Theoretical estimates of integrated Sachs–Wolfe effect detection through the Australian Square Kilometre Array Pathfinder’s Evolutionary Map of the Universe (ASKAP- EMU) survey, with confusion, position uncertainty, shot noise, and signal-to-noise ratio analysis

Abstract

Detection of the late-time integrated Sachs–Wolfe (ISW) effect is an active area of study related to large-scale structures (LSSs). The ISW effect can be studied by observing the non-zero cross-correlation between cosmic microwave background (CMB) anisotropies with tracers of mass field, such as galaxy survey data. We study this effect by cross-correlating the CMB data and related cosmological parameters, as delineated by the Wilkinson Microwave Anisotropy Probe (WMAP), with the upcoming Evolutionary Map of the Universe (EMU) survey planned for the Australian Square Kilometre Array Pathfinder (ASKAP). ASKAP-EMU will conduct a deep radio continuum survey with a root-mean-square (rms) flux of 10 μJy per beam (1 Jy = 10–26 Wm–2Hz–1). The survey will cover the entire southern sky, extending to +30° declination.

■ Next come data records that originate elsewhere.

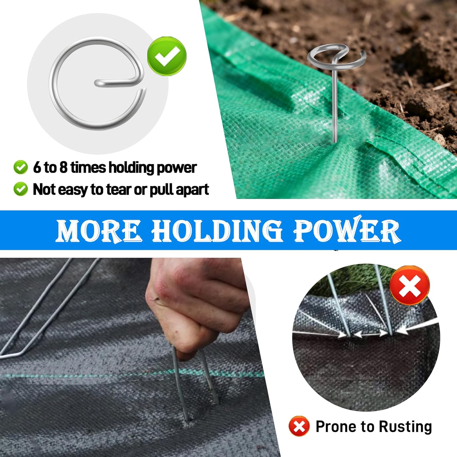 SETEAMS: The Durable, All-in-One Solution for Your Landscaping Needs Tired of flimsy pins that bend on installation or rust away after one season? Our Thickened 8 Gauge Landscape Fabric Pins are engineered based on user feedback to solve these exact problems. Paired with a FREE puller and secure packaging, we offer unparalleled durability, convenience, and value. Superior Strength & Anti-Bend: Our 0.16" thick 8 gauge steel construction provides the strength needed for effortless installation, eliminating the frustration of bending pins. Long-Lasting Anti-Rust Finish: The galvanized coating ensures our pins withstand moisture and varied soil pH levels, remaining reliable season after season. Large Top for Easy Use & Safety: The 1.3-inch circle top is easy to hit with a hammer, protects the fabric from damage, and simplifies removal. Unmatched Holding Force: The combination of thick gauge and large top distributes pressure, preventing fabric tear and securing covers more reliably than U-shaped staples. Wide Applicability: One Pin for Numerous Tasks As vividly shown in your application images, these versatile stakes are perfect for securing:
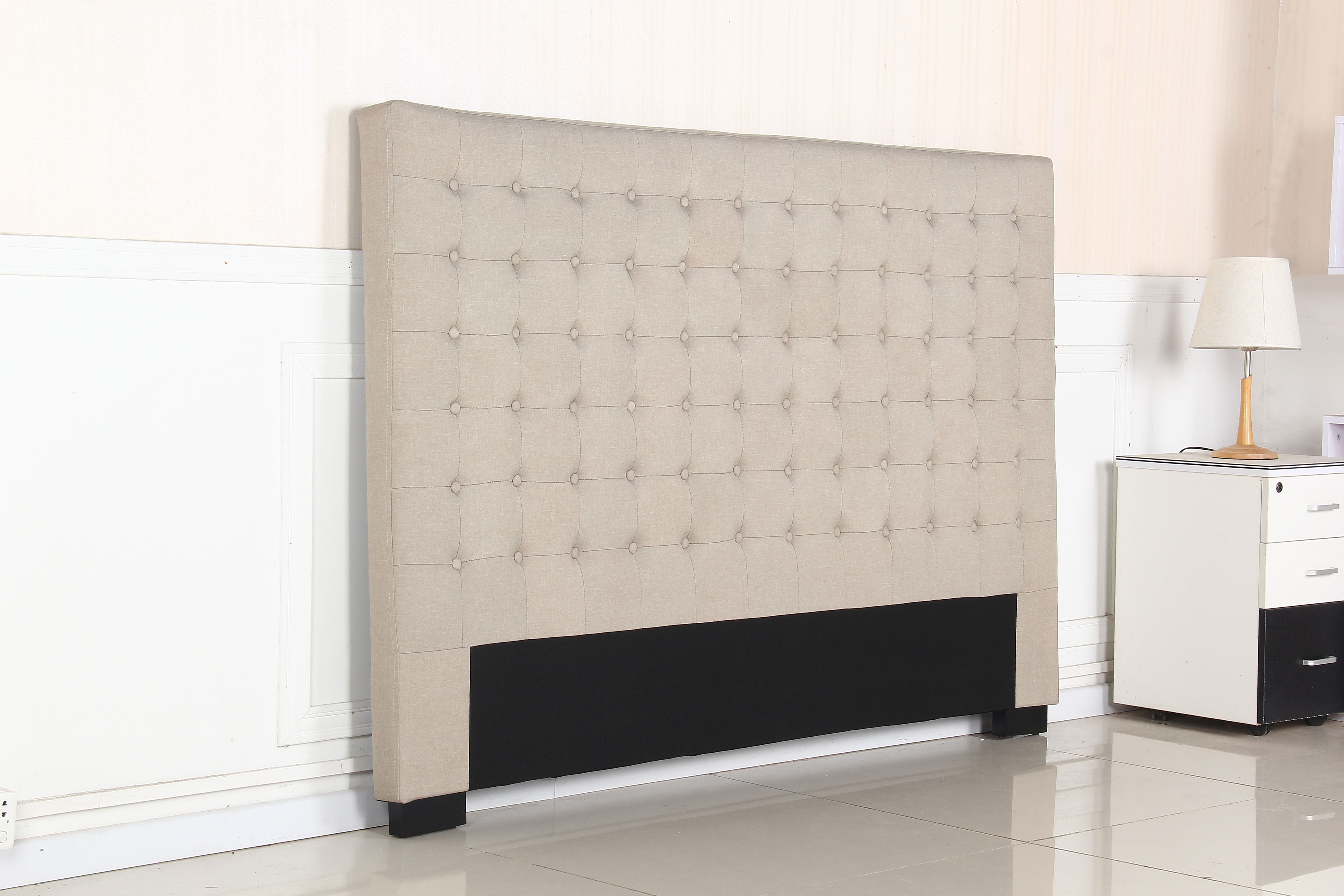Bed Head King Beige Headboard Upholstery Fabric Tufted Buttons
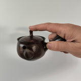 L'aspect poli sans être émaillé est du au polissage du Kyusu avant cuisson avec une spatule métal ou un tissu, pour laisser l'argile parler d'elle-même.
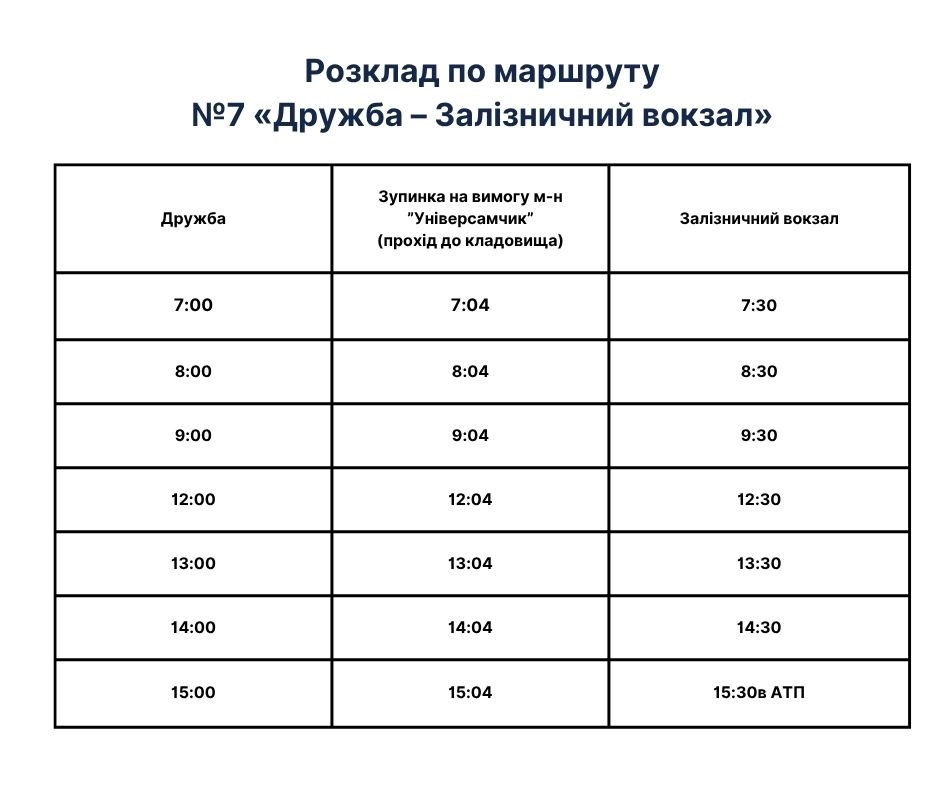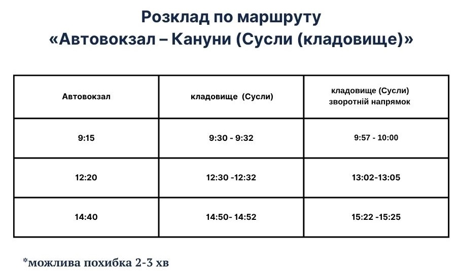 - зворотні рейси від кладовища о 09:57 - 10:00, 13:02 - 13:05, 15:22 - 15:25.
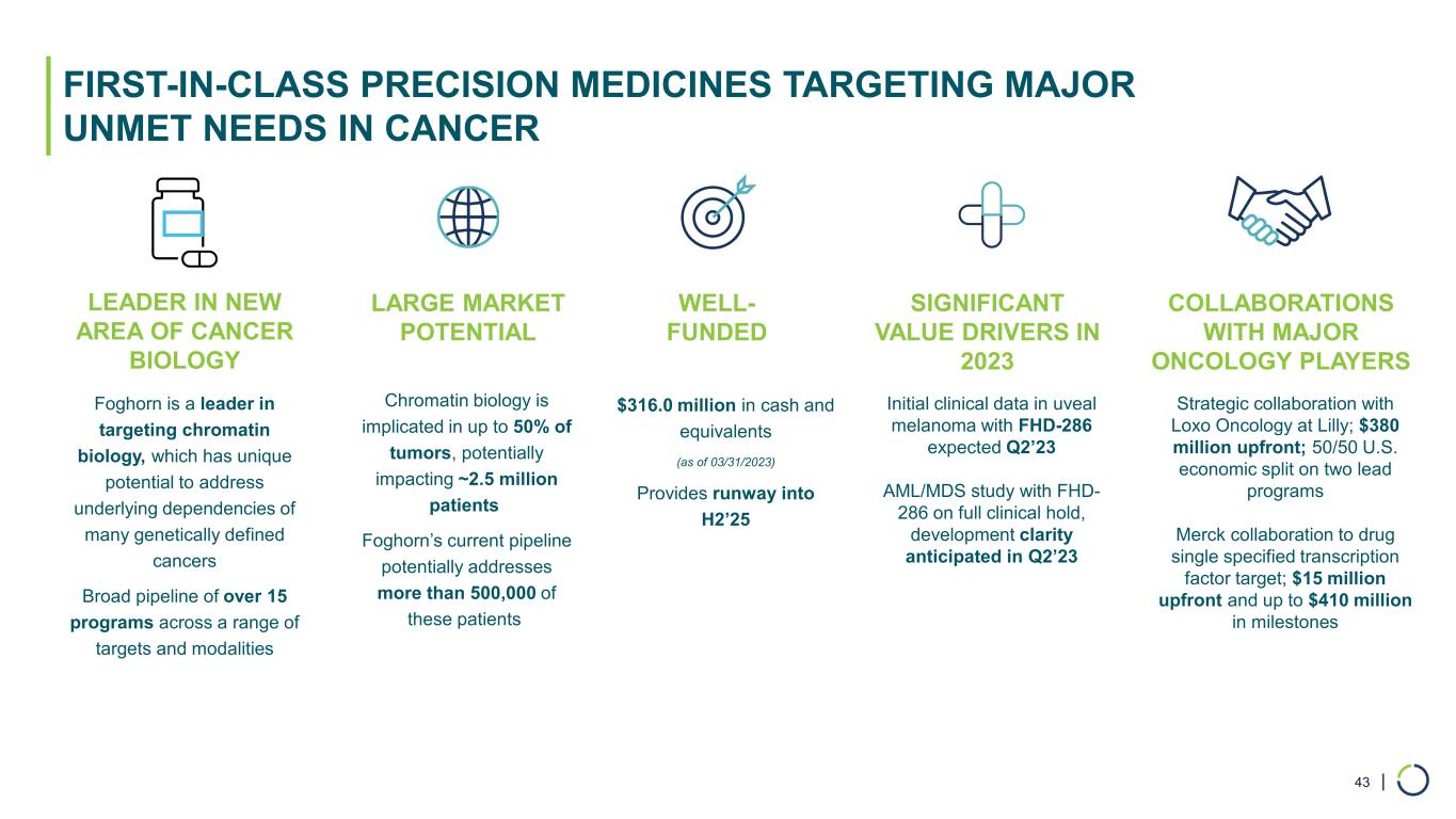 | Selective CBP BROAD PIPELINE ACROSS A RANGE OF TARGETS AND MODALITIES Modality Program Discovery Phase 1 Phase 2 Phase 3 Patient Population* Enzyme Inhibitors Transcription Factor Disruptors Partnered Program AML & MDS Uveal Melanoma BRG1 Mutated Cancers, e.g. , NSCLC & Bladder Undisclosed Undisclosed FHD-286 (BRG1/BRM)# FHD-286 (BRG1/BRM) Selective BRM Undisclosed Undisclosed 3 Discovery Programs UndisclosedUndisclosed Undisclosed 3 Undisclosed Programs Precision Oncology / Breadth and Depth / Over 15 Programs Protein Degraders Selective BRM Selective ARID1B BRG1 Mutated Cancers, e.g., NSCLC & Bladder ARID1A Mutated Cancers, e.g., Ovarian, Endometrial & Colorectal 42 Selective CBP EP300 Mutated Cancers, e.g., Prostate, Bladder, Colorectal, Breast Commercial Rights Over 27,000 Over 5,000 Over 100,000 Over 100,000 Over 175,000 Over 100,000 CBP Mutated & Subsets of EP300 Dependent Cancers Over 100,000EP300 * Per year incidence in the U.S., EU5, Japan | # On full clinical hold | ^ On partial clinical hold FHD-609 (BRD9)^ Synovial Sarcoma & SMARCB1-Loss Tumors Over 2,800
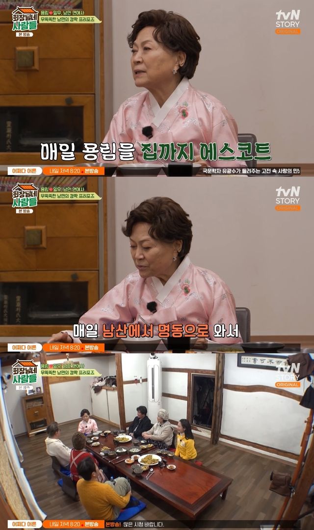 그는 "남편이 꽃을 사 준다거나 하는 건 없다. 그런데 매일 남산에서 명동까지 내려와서 나를 집에 데려다 줬다. 하루도 안 빠지고"라며 무뚝뚝하지만 다정했던 남일우만의 사랑 표현 방식을 전했다.
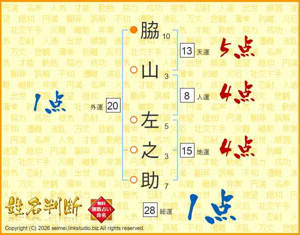 脇山左之助さんの天運は13画の5点!
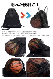 【利便性】フロントの下部分にボールメッシュ袋が収納されています。5号球、6号球、7号球のバスケットボールが収納できます。サッカーボール入れやバレーボール入れにも幅広く対応でき。主袋と隔離して、清潔で衛生的です。使用しない場合は、隠しメッシュポケットに入れて折りたたんでください。
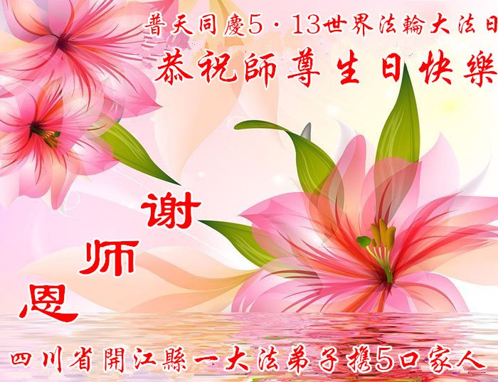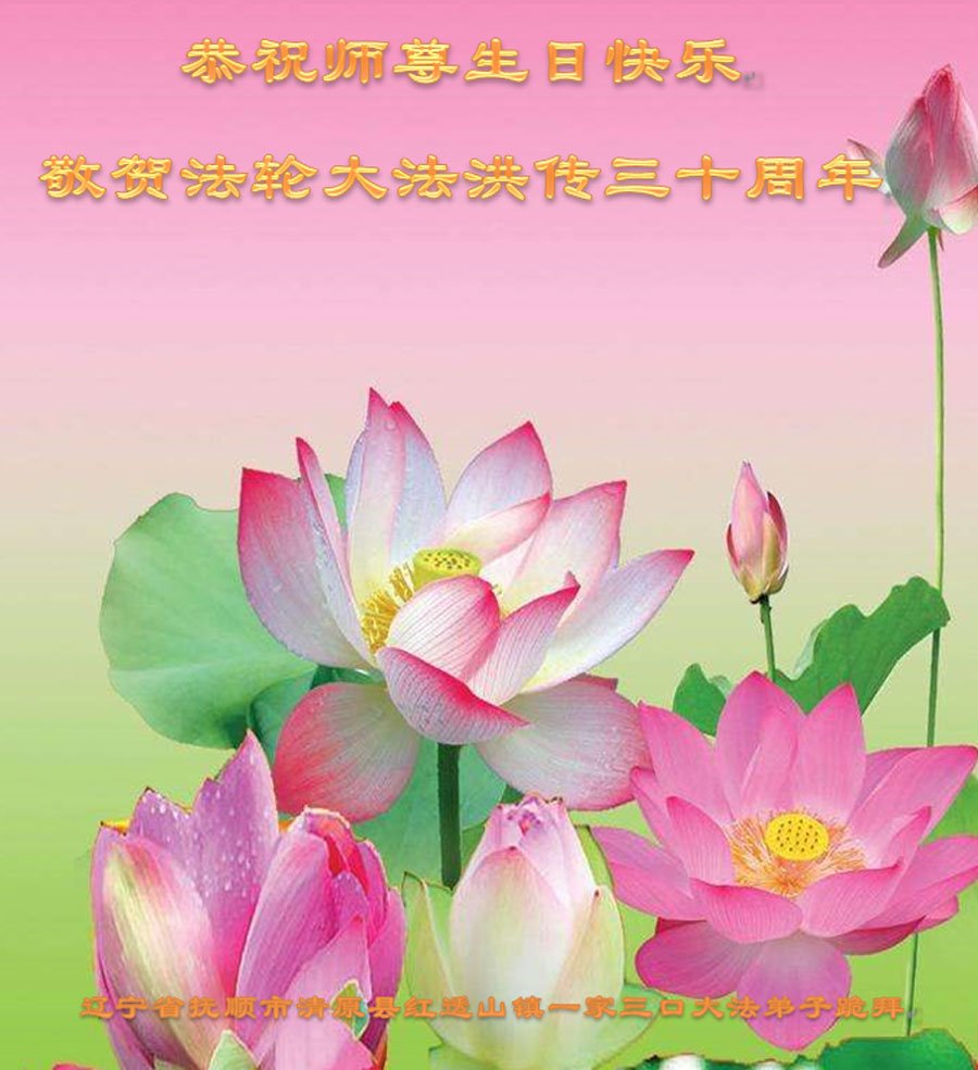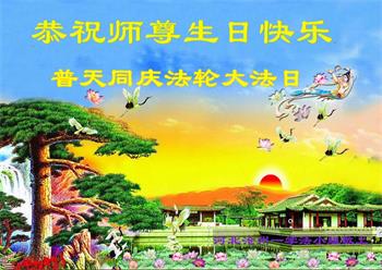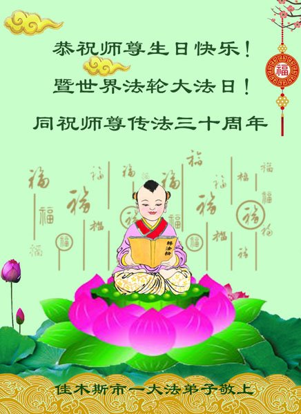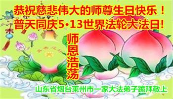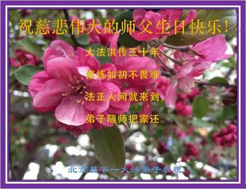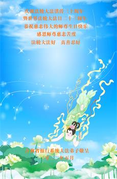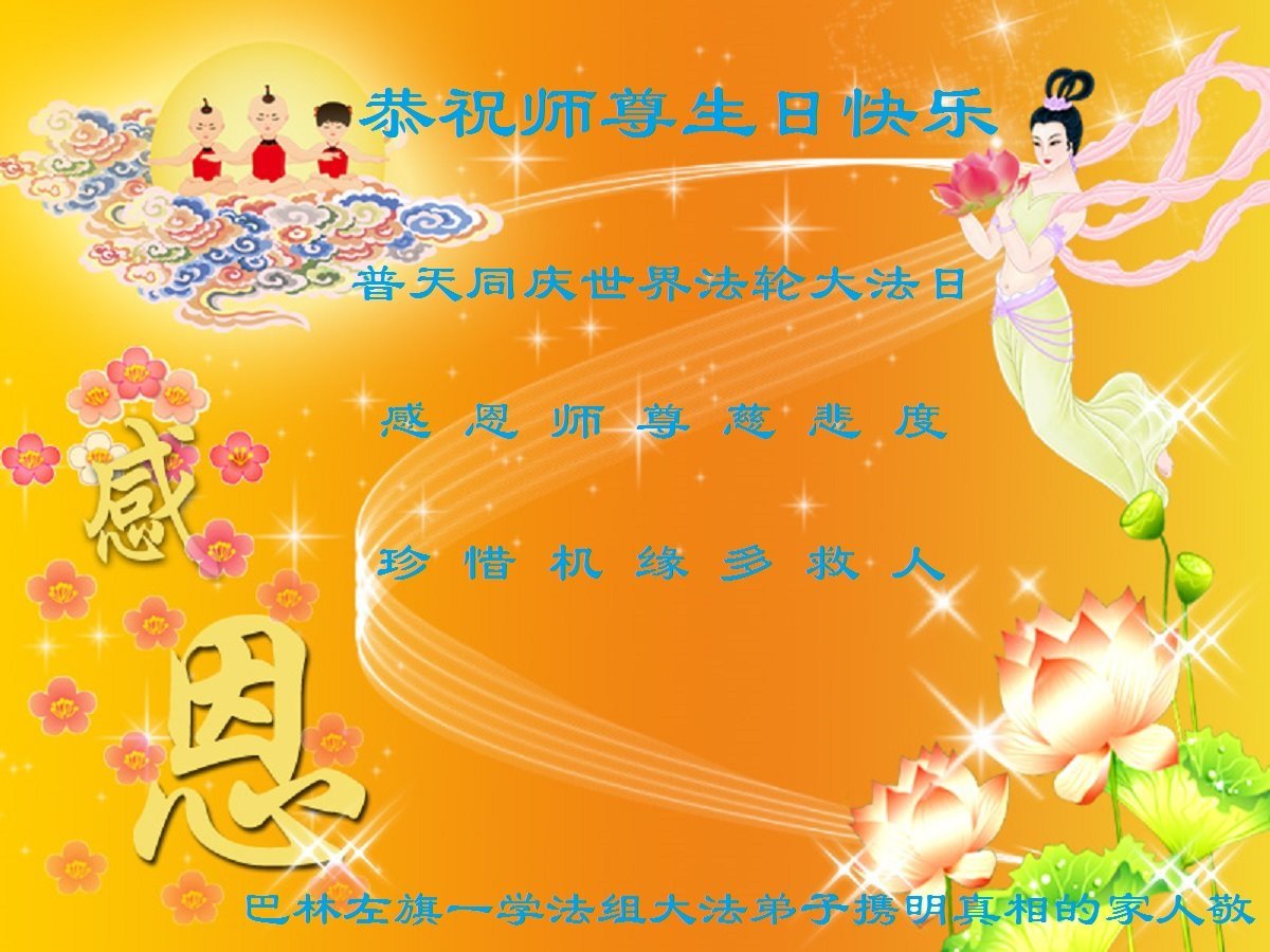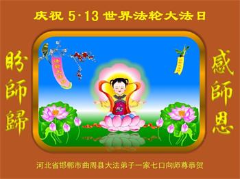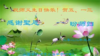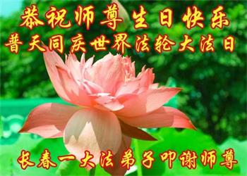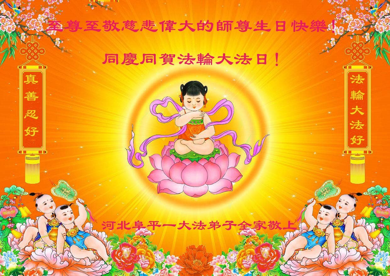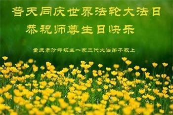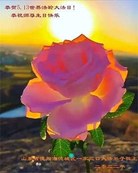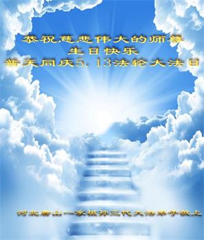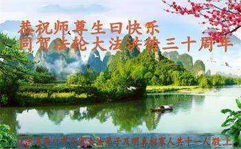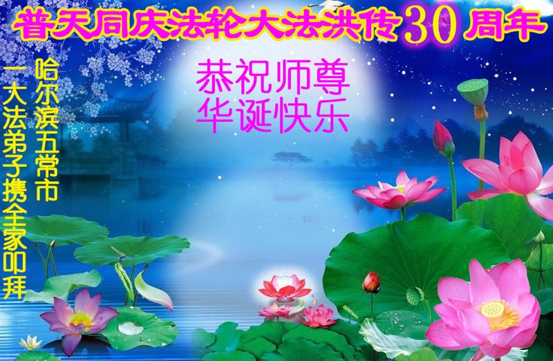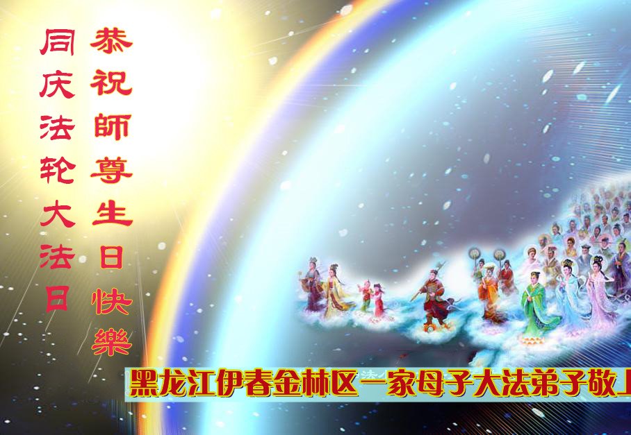 至此世界法轮大法日、法轮大法洪传三十周年、师尊华诞这普天同庆震撼寰宇最伟大而殊胜的日子里,大法弟子全家恭祝慈悲伟大的师尊生日快乐!感恩师尊慈悲救度!师尊辛苦了!弟子全家叩拜师尊!
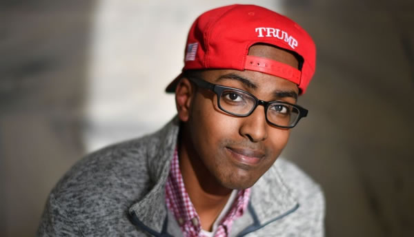 Abdi Mohamed is a Republican Trump voter with a red “Make America Great Again” hat to prove it, and he is a practicing Muslim.

To infer the expected redshift distribution (dN/dz) and differential source count (S) that can be extracted from the galaxies surveyed via EMU, we use data from the S-cubed simulation of extragalactic radio continuum sources (S3-SEX) for the Square Kilometre Array Design Studies (SKADS). We also calculate various parameters including galaxy survey shot noise, root mean square confusion uncertainty, and position uncertainty for the survey, which can help in understanding the accuracy of the survey results and in performing the data analysis. We also discuss signal-to-noise ratios over a range of maximum redshifts and maximum multipole values with some discussion on constraints over dark energy density parameter (ΩΛ) and baryonic matter density parameter (Ωb).